Wednesday, December 05, 2007

The Sleeping Tiger


Directed by Victor Hanbury, according to the opening credits. A pseudonym. ‘The Sleeping Tiger’ was in fact Joseph Losey’s first British film following his repatriation after his Hollywood blacklisting during the McCarthy witch-hunts*.

A melodramatic little number, but notable as the first time Losey and Bogarde worked together – they went on to make five films – and for the pointers it offers towards their most memorable collaboration, ‘The Servant’.

The plot, briefly: young thug Frank Clemmons (Bogarde) attempts to mug stoic psychiatrist Dr Clive Esmond (Alexander Knox), only for the older man to disarm him. Rather than frog-march him down the local nick, Esmond offers Clemmons an alternative: six months as house guest (or, as Clemmons puts it, “a prisoner here”) and guinea pig for Esmond’s thesis that he can reverse the youth’s tendencies to criminality. During his enforced stay, Clemmons begins an affair with Esmond’s wife Glenda (Alexis Smith).

All this malarkey wouldn’t be so bad if the scenes between Esmond and Clemmons attained some degree of psychological depth. However, what little tension there is (Clemmons is too busy making whoopee with Mrs E or sneaking out to further his criminal career to enter into any soul-searching conversation with the good doctor) remains unexplored. Resolution comes in a scene as intellectually facile as the “it’s not your fault” finale to ‘Good Will Hunting’, but without that film’s three-handkerchief sense of catharsis.

Ultimately, Losey becomes too interested in the pressure-cooker atmosphere generated by his three central characters, and in dissecting social mores and class hypocrisy, to bother with the central premise of Esmond’s sociological experiment. In this respect, ‘The Sleeping Tiger’ is certainly a cinematic limbering-up for ‘The Servant’. It’s also frustrating, since potentially interesting material is sacrificed for stuff which is merely formulaic.
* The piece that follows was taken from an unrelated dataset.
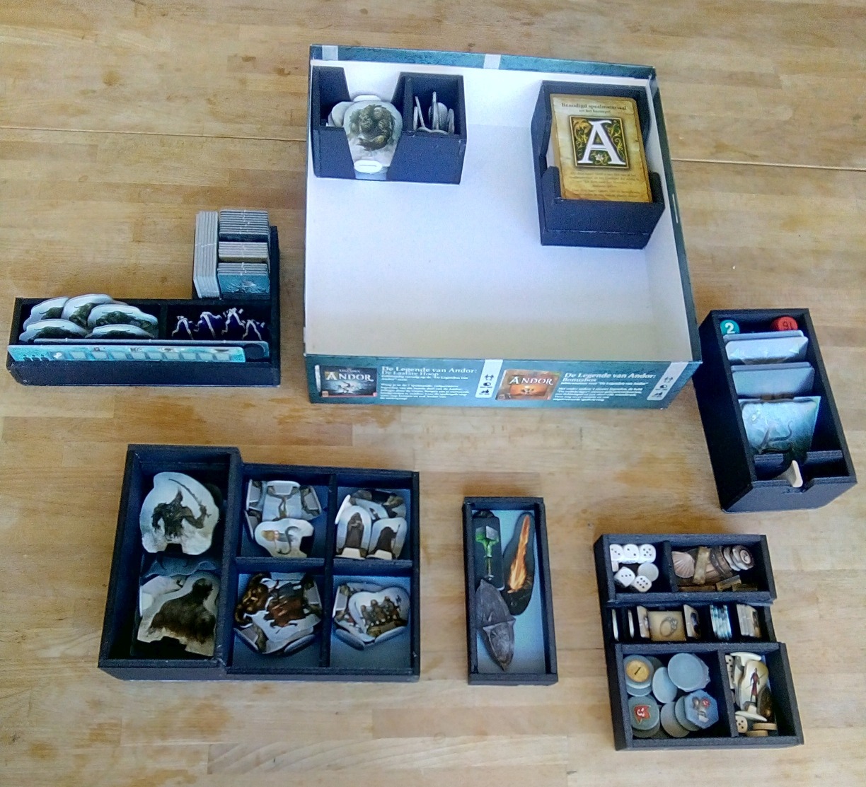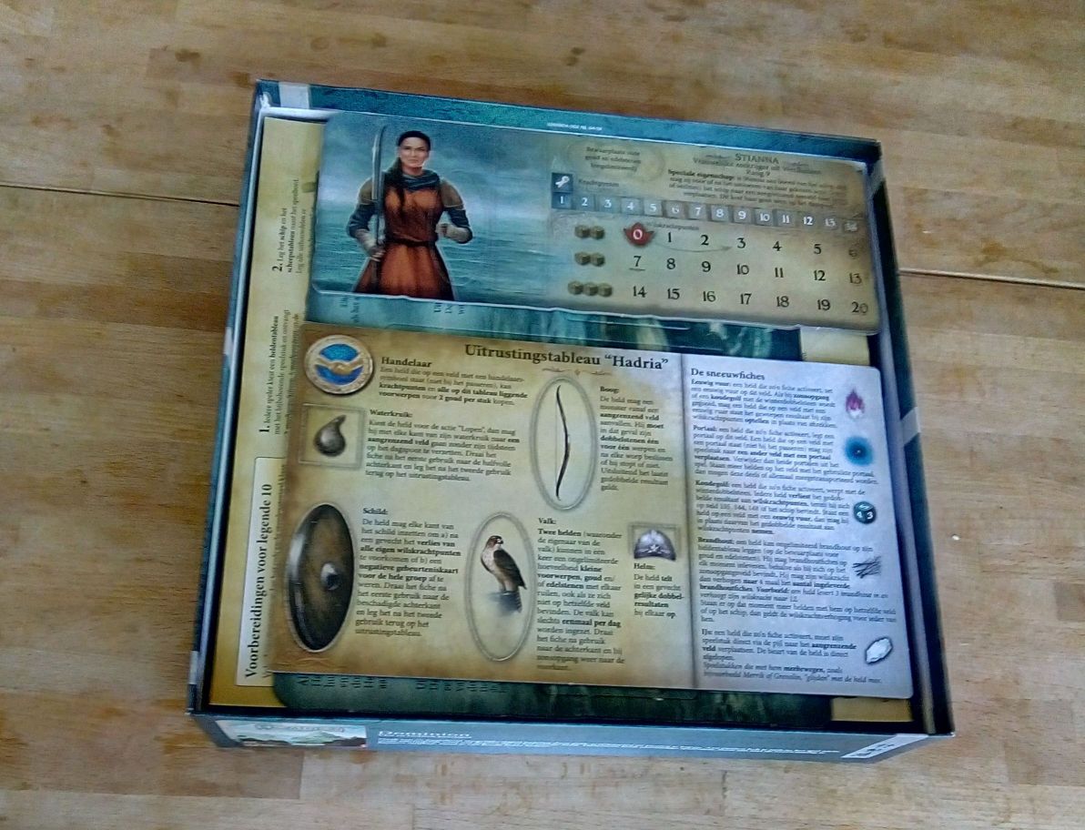 Mijn opberg-systeem voor Andor II: Reis naar het Noorden. Als eerste: alle platte dingen bovenop.

It’s stating the obvious to say that Bogarde is the best thing about the film: again, there’s an immediacy to his performance that leaves the rest of cast in the shade. Knox is wooden, while Smith (although mercifully not as screechy as Peggy Evans in ‘The Blue Lamp’) piles on the hysteria in the overwrought and fairly pointless final act.

Still, ‘The Sleeping Tiger’ paired Losey and Bogarde for the first time; better things lay ahead …




*A pithy coda, thirty years on: in the late 1980s, Bogarde contributed frequent book reviews to The Daily Telegraph. His review of Elia Kazan’s ‘A Life’ is reprinted in ‘For the Time Being’, his collection of journalism: “I know he was responsible for ‘On the Waterfront’ … but he was equally responsible for the destruction of a number of good and honourable people … In Paris at the premiere of a film I had made with Joseph Losey [which Kazan attended] … Losey dragged me from my seat … ‘I’ll be damned,’ he said, ‘if I let you sit with an informer’.”

Yay, Sir Dirk – go tell it on the mountain!